A speech synthesis symbol editing method for inputting a set of text and a speech synthesis symbol string corresponding to the text and outputting a speech synthesis symbol string,
dividing the input text into predetermined character units, dividing the input speech synthesis symbol into predetermined speech synthesis symbol tokens, and combining each of the divided characters with zero or more speech synthesis symbol tokens; a correspondence estimation step of giving the correspondence of based on a predetermined criterion;
and an editing interface stage for displaying each character given the correspondence and zero or more phoneme synthesis symbol tokens while updating the phoneme synthesis symbol tokens by accepting a user editing operation. How to edit text-to-speech symbols.

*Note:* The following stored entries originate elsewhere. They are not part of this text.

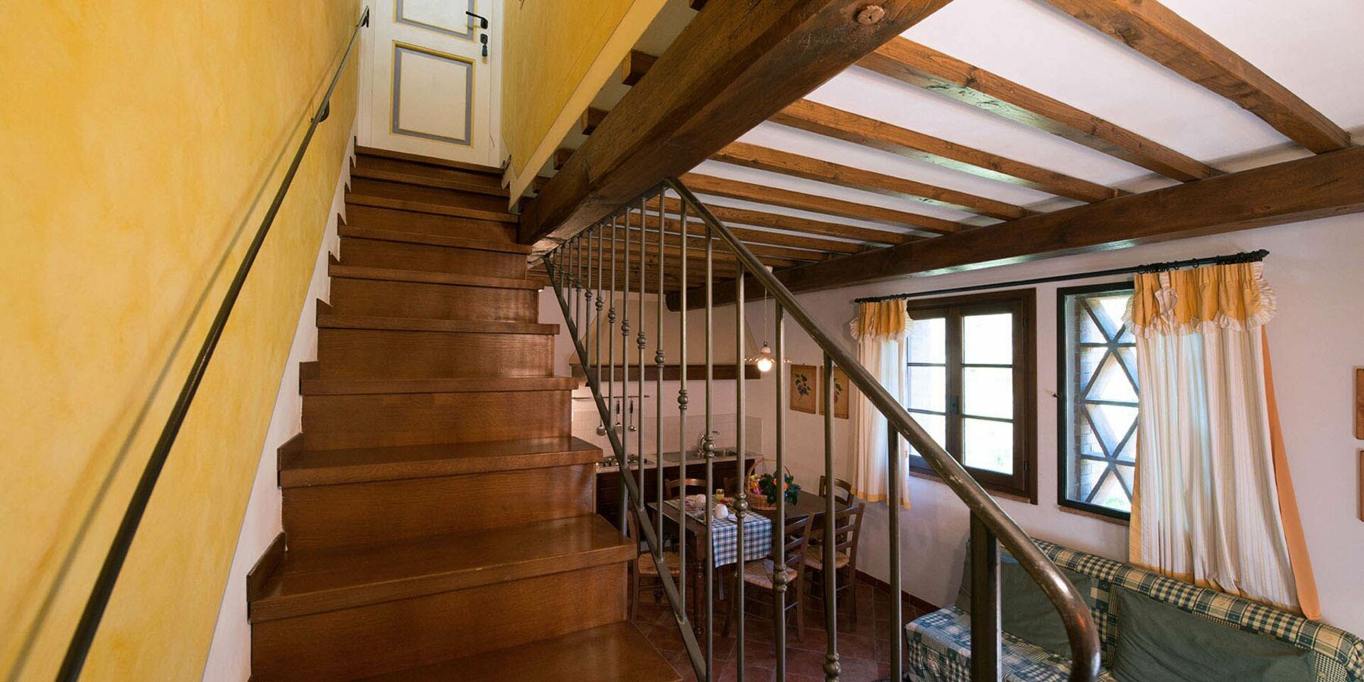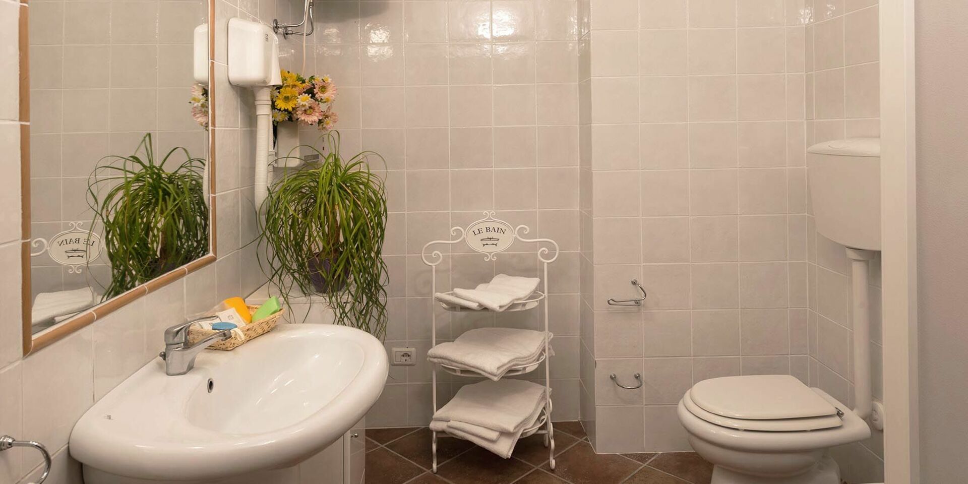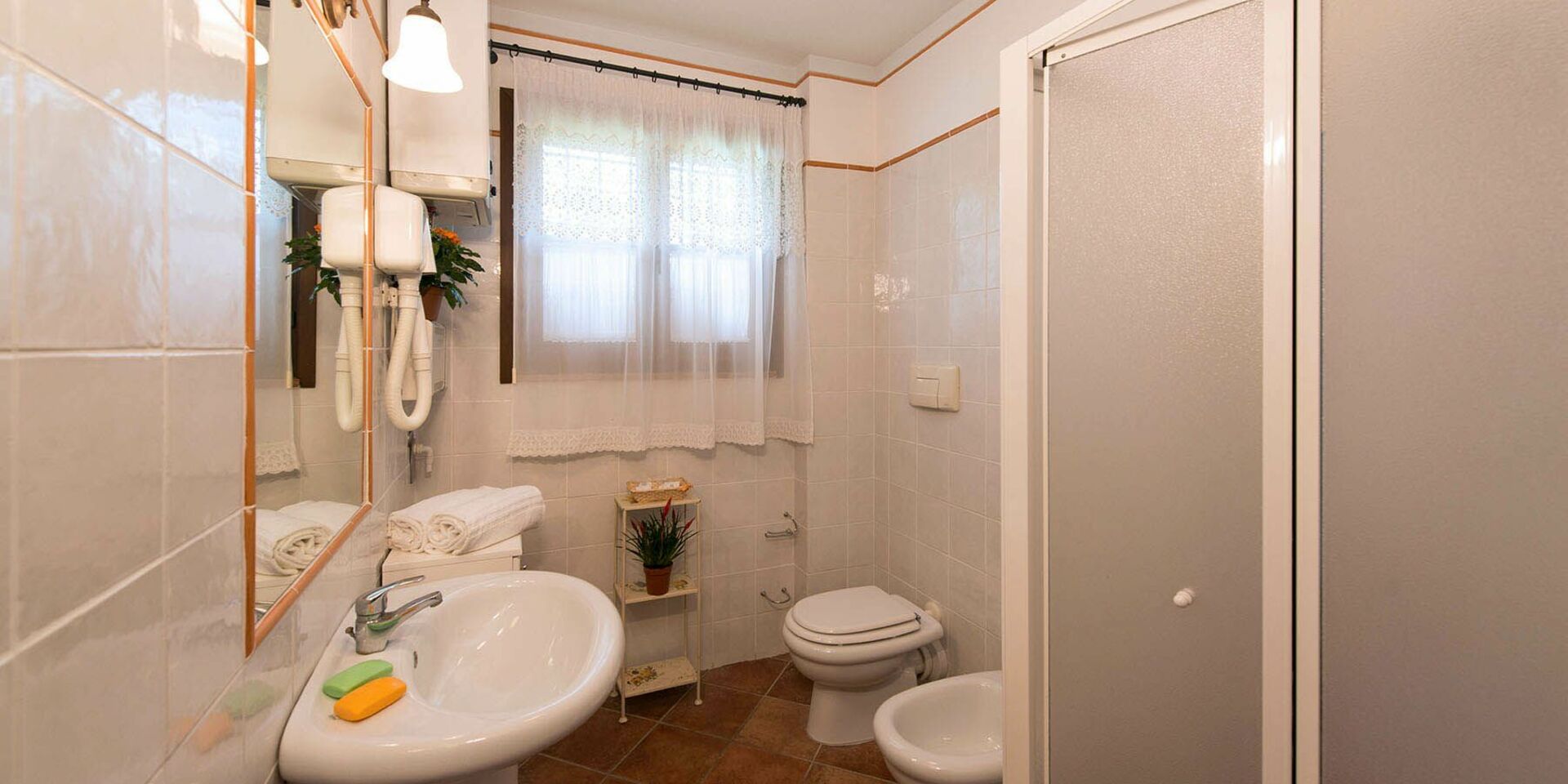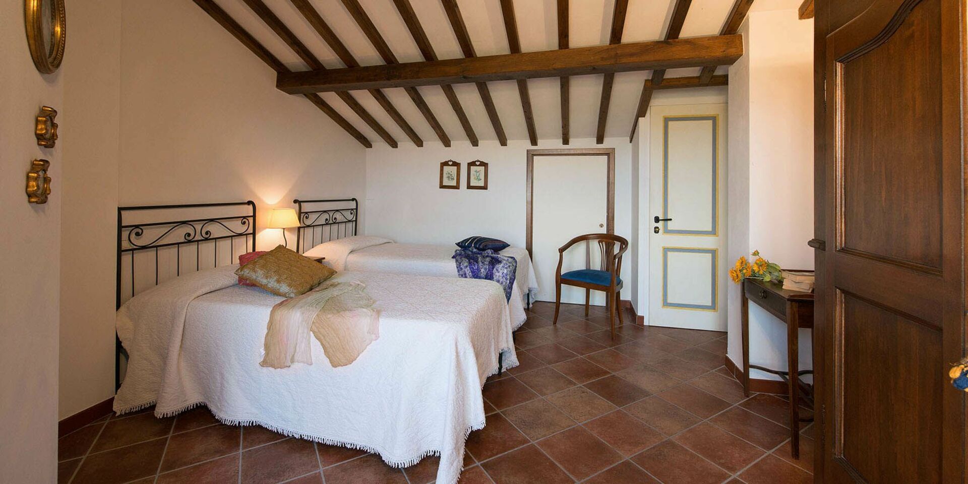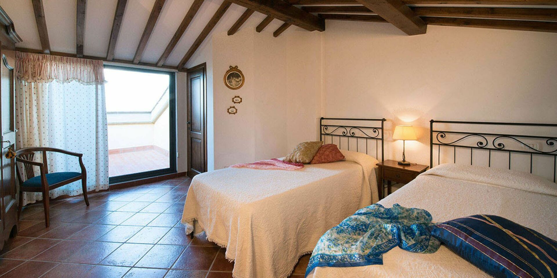 Første sal: soveværelse med to enkeltsenge og adgang til terrassen, badeværelse med bruser.
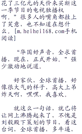 “本届好声音学员中最受导师喜爱的得意门生将有机会踏上唐朝娱乐集团赞助的音乐梦想之旅,同时,我们也将欢迎您参与《华国好声音》的短信互动,编辑短信a”
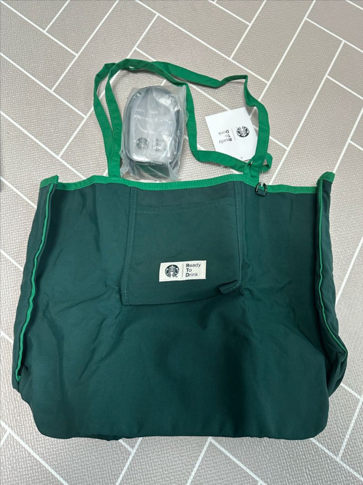 스타벅스 모멘텀 에코백과 투명 파우치 세트예요. 새상품입니다. 사진에서 보이는 것처럼 깔끔하게 보관되어 있어요. 사진찍느라 열어보고 파우치비닐은 뜯지도 않았어요. 구성품이랑 박스 다 있어요. 안에 자석단추로 가방이 벌어지지 않게 잠글수 있고 내부 포켓이 있어서 휴대폰이랑 텀블러 같은거 넣을수 있어요.
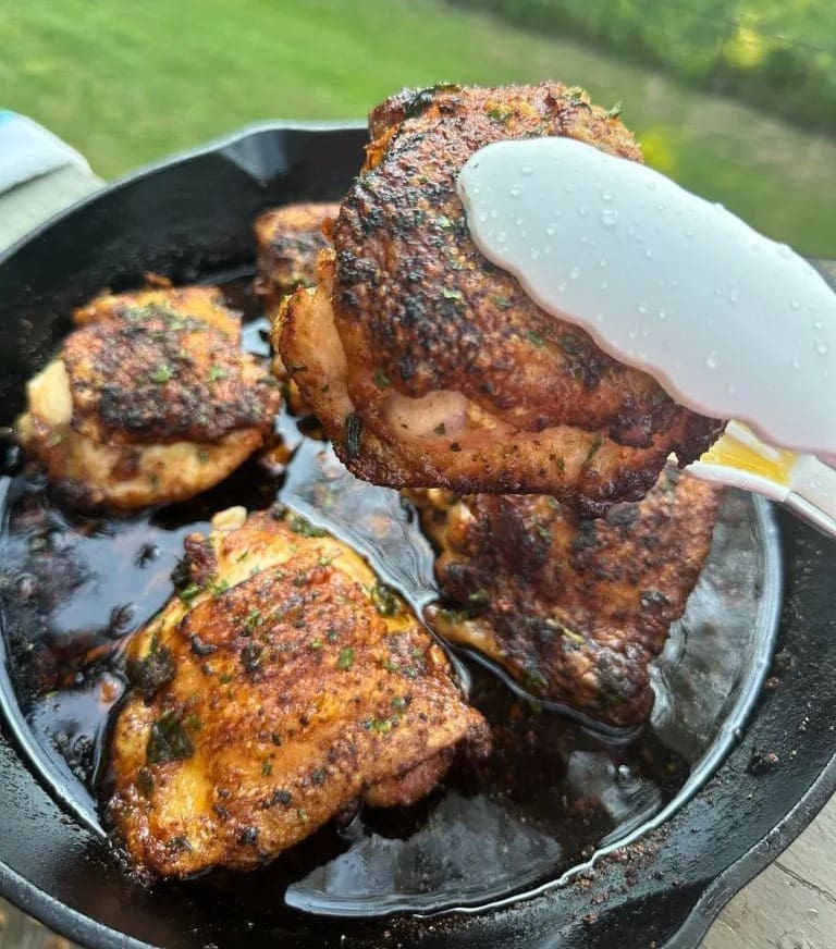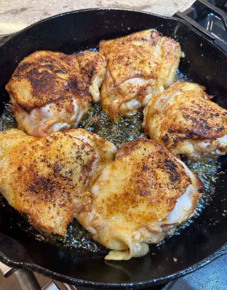 - Now, sear the chicken thighs on both sides for about 5 minutes or until the skin is brown and crispy.
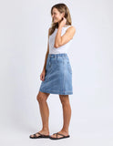 The Birdie Denim Skirt brings playful charm with its comfy elastic at the side seams and back waist, giving you the perfect fit every time. Its knee-length cut is easygoing and flattering, while the Elm-stamped hardware adds a fun, unique touch to this effortlessly stylish skirt.
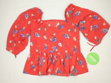 Bluzka damska Sinsay, rozmiar M. - Krój: dopasowana talia z delikatną falbanką u dołu, dekolt w serce z lekkimi marszczeniami z przodu - Rękawy: długie, bufiaste, zakończone elastyczną gumką przy ...
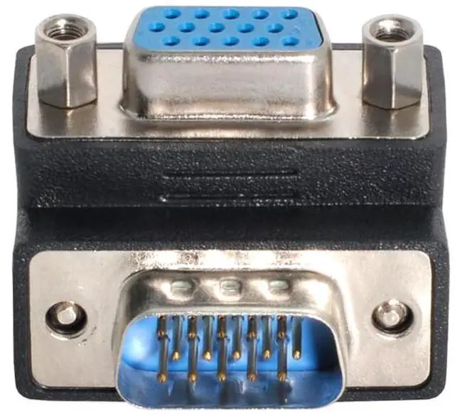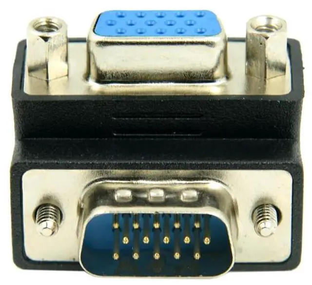 A right-angled 15 pin high density VGA plug to socket adaptor
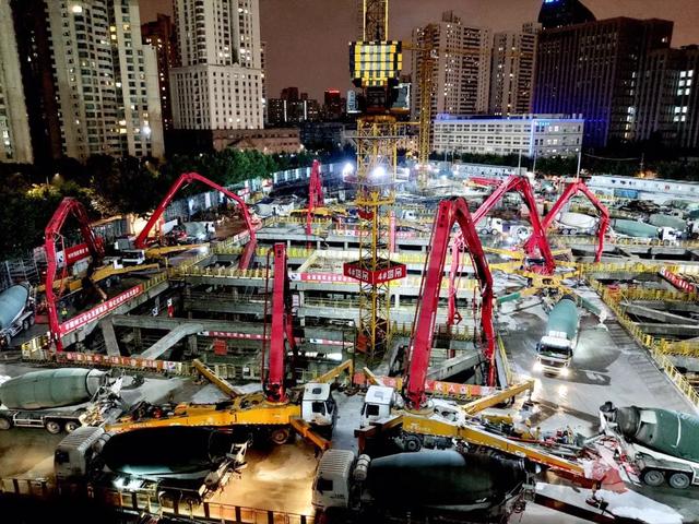 上海“浦西第一高楼”——徐家汇中心虹桥路地块高达370米的T2塔楼工程,其最深达37.2米的主塔楼混凝土大底板中的最大也是最后一块(厚6米、约2.7万立方),历经上海建工建设者48个小时的冒雨连续浇筑,于2019年7月14日上午6点30分成功“筑底”。这标志着上海建工创造出了迄今为止上海房屋建筑最深、离运营地铁最近的大体积基础混凝土底板浇筑新纪录。
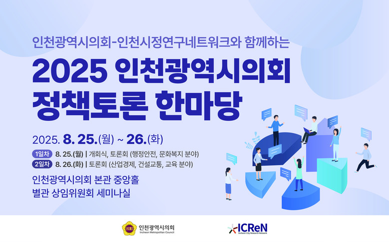 각 상임위원회 별로 진행될 토론 주제로는 ▶인천광역시 주민안전협의체 구축 방향(행정안전분야) ▶아동.청소년 디지털 성범죄 피해 지원 강화 방안(문화복지분야) ▶공공하수처리시설 유입수 수질 연속 자동측정기기(TMS) 도입(산업경제분야) ▶건설.교통분야 특성을 반영한 인천 공기업 ESG 경영 현황 및 미래전략(건설교통분야) ▶인천형 학생 지속가능 정신건강 역량 강화 통합 모델 구축과 확산 방안(교육분야) 등으로 각 분야 패널들의 열띤 토론이 진행될 예정이다.
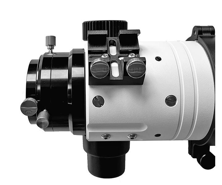 Der Okularauszug hält Zubehör bis etwa 5 kg, ohne zu verkippen. Die Verstellung des Auszugrohres erfolgt über eine Zahnstange. Sie ist von der Lagerung selbst entkoppelt. Das ermöglicht auch bei Maximalbelastung eine feinfühlige Verstellung. Die 1:11-Mikrountersetzung bietet auch für Astrofotografie eine genaue Einstellmöglichkeit.
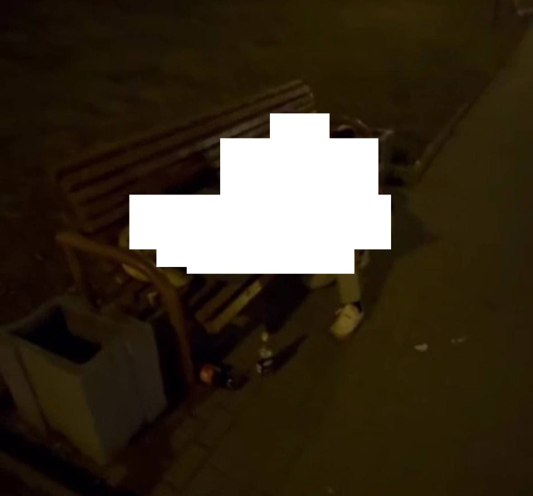 На выложенном фото запечатлены в пикантной ситуации молодые люди, расположившиеся под светом фонарей на лавочке, которая установлена вдоль какого-то тротуара.
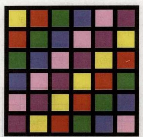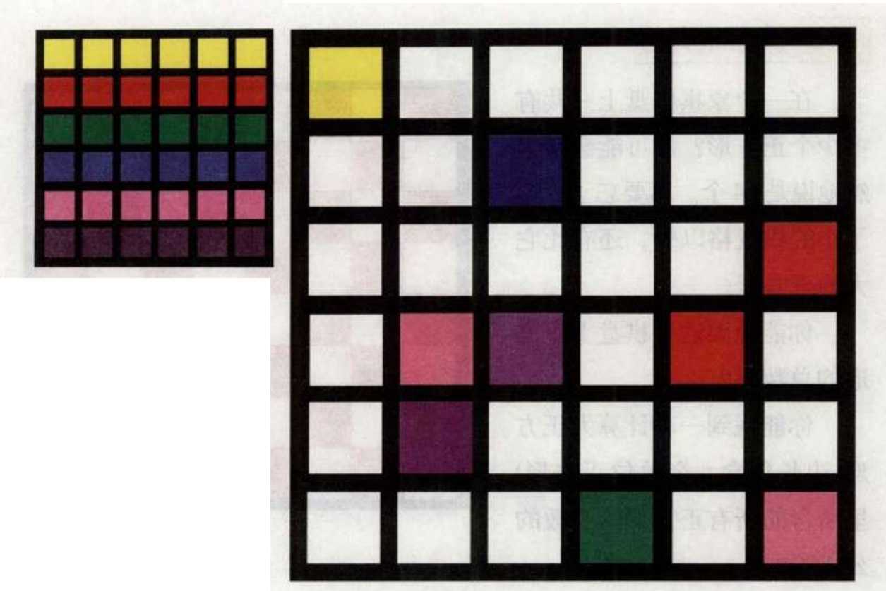 问题:按如下规则填满这个魔方网格:每种颜色在每一行、列中只出现一次,你能 办到吗?(可以有多种解法。)
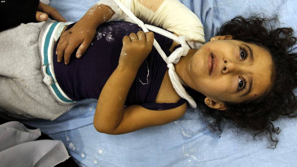 بيت لاهيا، غزة - طفلة اصيبت في غارة اسرائيلية ترقد في المستشفى.
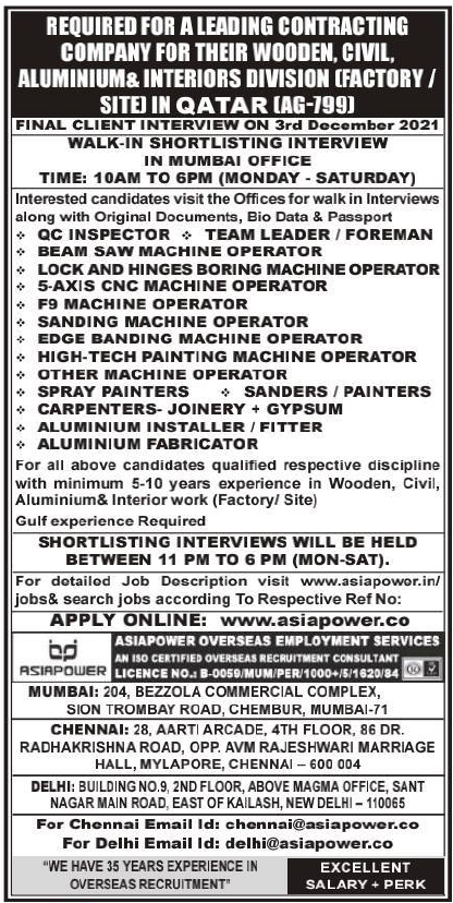 Disclaimer:- GCCWALKINS have no involvement in any recruitment process, This website just sharing job vacancies & interviews from various sources. Applicants are advised to research the bonafides of the prospective employer independently. We do NOT endorse any requests for money payments and strictly advice against sharing personal or bank related information. If you suspect any fraud or malpractice, email us at gccwalkins@gmail.com
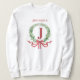 This Christmas sweatshirt has a preppy grandmillennial design featuring a Christmas wreath with a monogram letter in the centre. You can personalise with your initial and name.
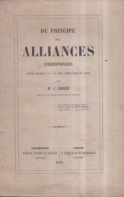In-8°, pp. 96, brossura editoriale riquadrata. Perfetto esemplare. Edizione originale. 'Promosso alla direzione delle Scuole tecniche di Chambery, vi insegnò anche storia, geografia e letteratura francese, materie che misero in evidenza in lui uno straordinario talento di autodidatta destinato a segnare profondamente tutta la sua carriera. In quel periodo, Saredo si mise nuovamente in luce agli occhi del governo con un opuscolo (Du principe des alliances internationales, Chambery 1860) dedicato al primo ministro Cavour di cui, prendendo lo spunto dai principali avvenimenti politici (Accordi di Plombières e trattato di alleanza franco-piemontese) e bellici (seconda guerra d’indipendenza), difese con grande efficacia l’azione di governo manifestando un’ottima conoscenza, non solo della storia e della filosofia politica, ma anche dei principi del diritto internazionale. Questo scritto. piacque molto al dedicatario' (Lorenzo Sinisi in D.B.I., 90, 2017).

A speech synthesis symbol editing device for inputting a set of text and a speech synthesis symbol string corresponding to the text and outputting a speech synthesis symbol string,
dividing the input text into predetermined character units, dividing the input speech synthesis symbol into predetermined speech synthesis symbol tokens, and combining each of the divided characters with zero or more speech synthesis symbol tokens; a correspondence estimating unit that gives the correspondence of based on a predetermined criterion;
a speech synthesis symbol editing device, comprising: an editing interface unit that displays each character given the corresponding relationship and each of zero or more phoneme synthesis symbol tokens while updating the phoneme synthesis symbol tokens by accepting a user editing operation. As
A text-to-speech symbol editing program that causes a computer to function.